I do most of my studio/demo editing using some form of software and pro soundcard connected to my "real" hi-fi system. I think there is a great potential for integrating computers and hi end audio! Just look at the soundcards that Stereophile has reviewed! The integration of technology boggles the imagination! I, for one, support Stereophile's views on using computers in audio, after all, what are the Sonic Solutions workstations (and SADIE) other than task determined computers! You don't hear any audiophiles bitching about those discs that Stereophile has done with those systems because they aren't "real" audio tools!

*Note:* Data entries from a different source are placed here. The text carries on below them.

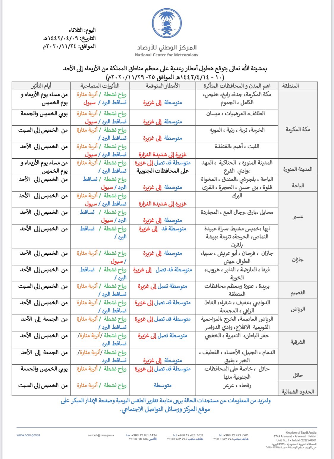 المركز الوطني للأرصاد هو مركز حكومي سعودي ، تأسس بموافقة مجلس الوزراء في مارس 2019، بعد إلغاء الهيئة العامة للأرصاد وحماية البيئة. جاء ذلك وفقا لما أعلنه المركز الوطني للأرصاد في المملكة العربية السعودية اليوم. وَفَوْقَ كُلِّ ذِي عِلْمٍ عَلِيمٌ. تحت شعار المناخ وسلامة المجتمع #المركز_الوطني_للأرصاد وكافة مرافق الأرصاد العربية يحتفلون باليوم العربي للأرصاد الجوية في الخامس عشر من سبتمبر من كل. نبه المركز الوطني للأرصاد اليمنية من أمطار رعدية متفرقه خلال نشرته لأحوال الطقس المتوقع خلال ال24ساعة القادمة.
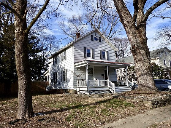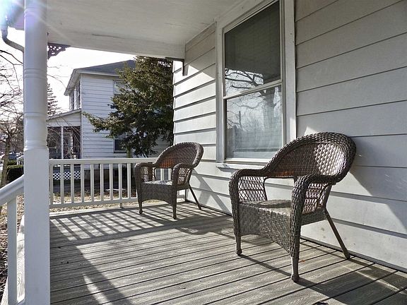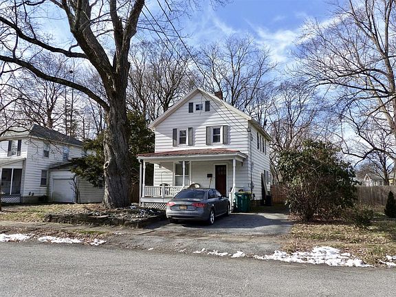 This traditional two-story home with covered sitting porch sits proudly on a pretty, tree-lined village street, within easy walking distance of restaurants, shops and all downtown amenities. Once designed for clear separation of spaces, the main level floor plan has been opened up for better flow, and with hardwood floors throughout, was expanded to included a family room with a high ceiling, skylights and access to a rear yard deck as well as a first floor full bath. The kitchen offers plenty of countertop work space, ample storage, and is open to the dining area. The spacious living room is anchored by a substantial pellet stove, providing atmosphere and keeping the main level comfortably warm as a secondary heating source (has its own thermostat/zone). Upstairs, off of a large landing, are three bedrooms (all with hardwood floors), a full bath and access to the attic, which provides for heated storage. The full basement has interior access, an exterior bulkhead, concrete floor and is home to maintained mechanical systems and the washer/dryer. Set on a mostly level, fenced lot with patio, storage shed, small yard and mature trees.
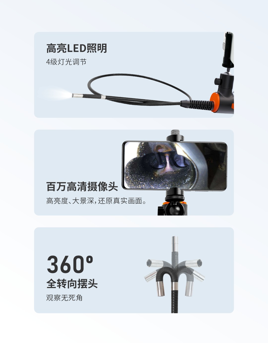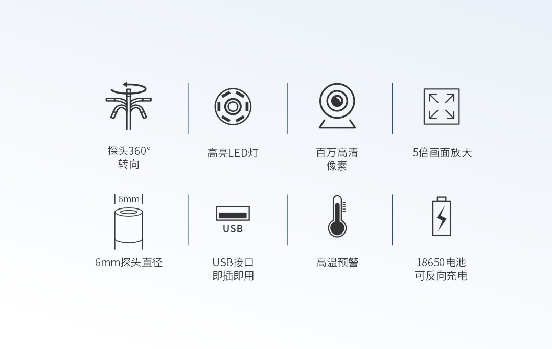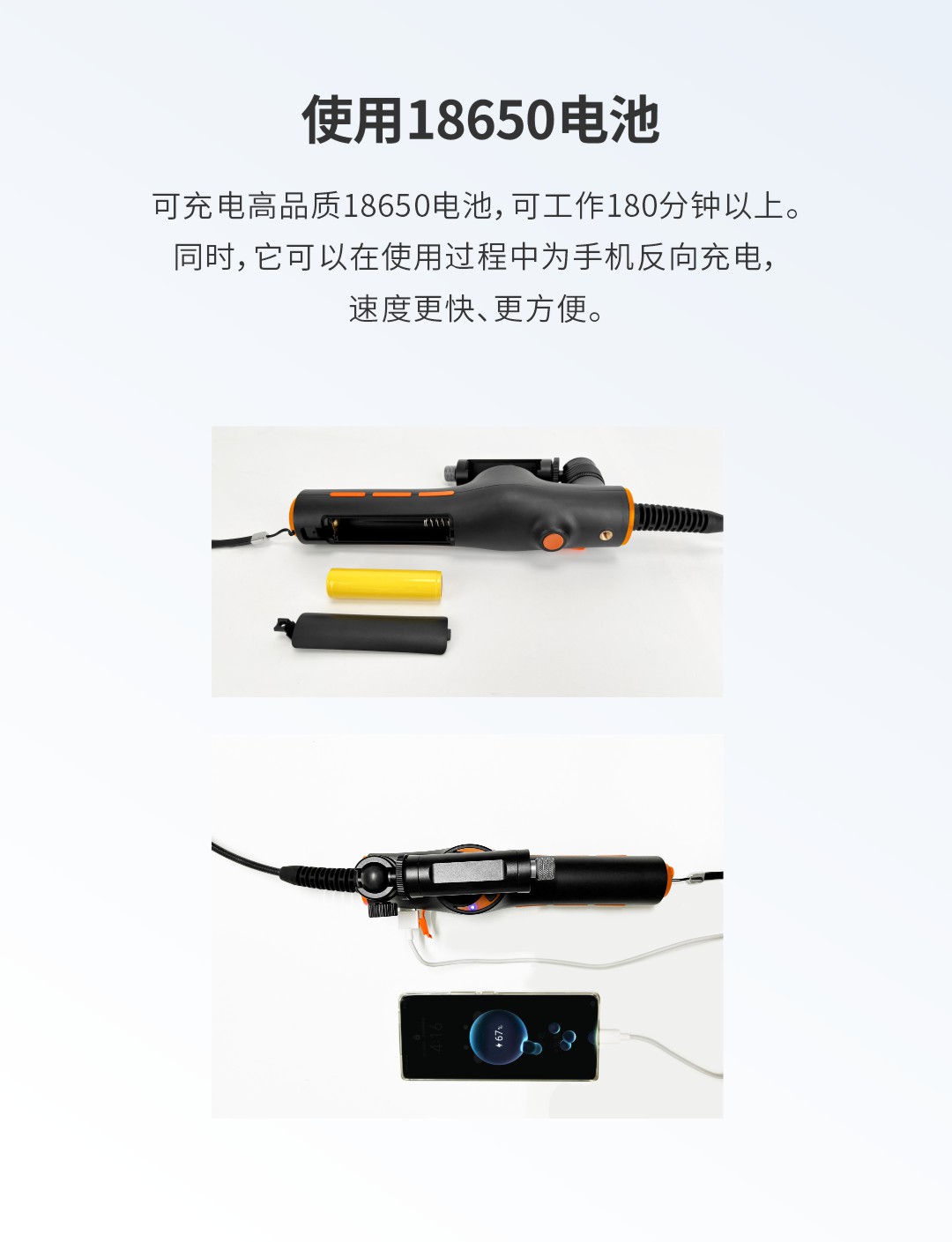 优势特点:兼容ISO、安卓、鸿蒙系统;探头360°全方位摆向;高温提示保护;即插即用;可生成检测报告
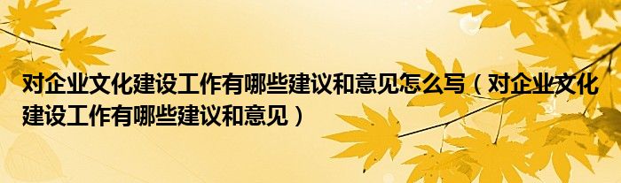 关于对企业文化建设工作有哪些建议和意见怎么写,对企业文化建设工作有哪些建议和意见这个很多人还不知道,今天菲菲来为大家解答以上的问题,现在让我们一起来看看吧!
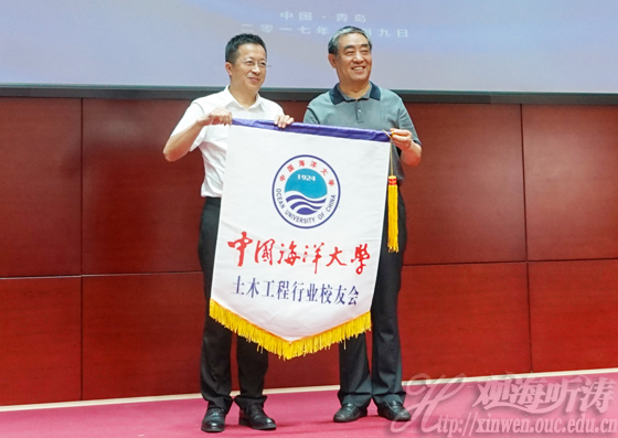 吴德星会长(右)向分会授旗,薛军会长代表分会接旗 本站讯 9月9日,中国海洋大学土木工程行业校友分

Only for distant FM streaming audio, or once in a while I'll pop in a CD for background music. BTW, I find MP3 to sound better than Windows Media or RealAudio. I haven't been able to get QuickTime to work for me. (wcpe.org webcasts classical music 24 hours/day in all four formats.)
Music is a somewhat intangible, difficult to define entity. However, most of us are aware of the visceral, and sometimes therapeutic, effects of music. That having been said, it is uncomprehensible for me to understand what computers, along with their associated "audiophile" sound cards, have to do with music. Interjecting ANYTHING in a musical reproduction chain will certainly produce an audible degredation in the final sound quality that comes out of a MUSIC reproduction system, i.e., amp, preamp, front end, and two speakers. Let us please stay loyal to the name of the magazine that we read: Stereophile. Leave the computers and their associated peripherals to lesser magazines which are read by those who don't understand the MUSICAL reproduction chain and experience.
Yes, I download songs from illegal websites and listen to the tracks over a pair of Grados at work. I usually do this to decide which CDs are worth buying. If a I like a song I've illegally downloaded, I almost always BUY the CD. Are there any record companies listening? This is what most music fans do! Leave the trading sites alone.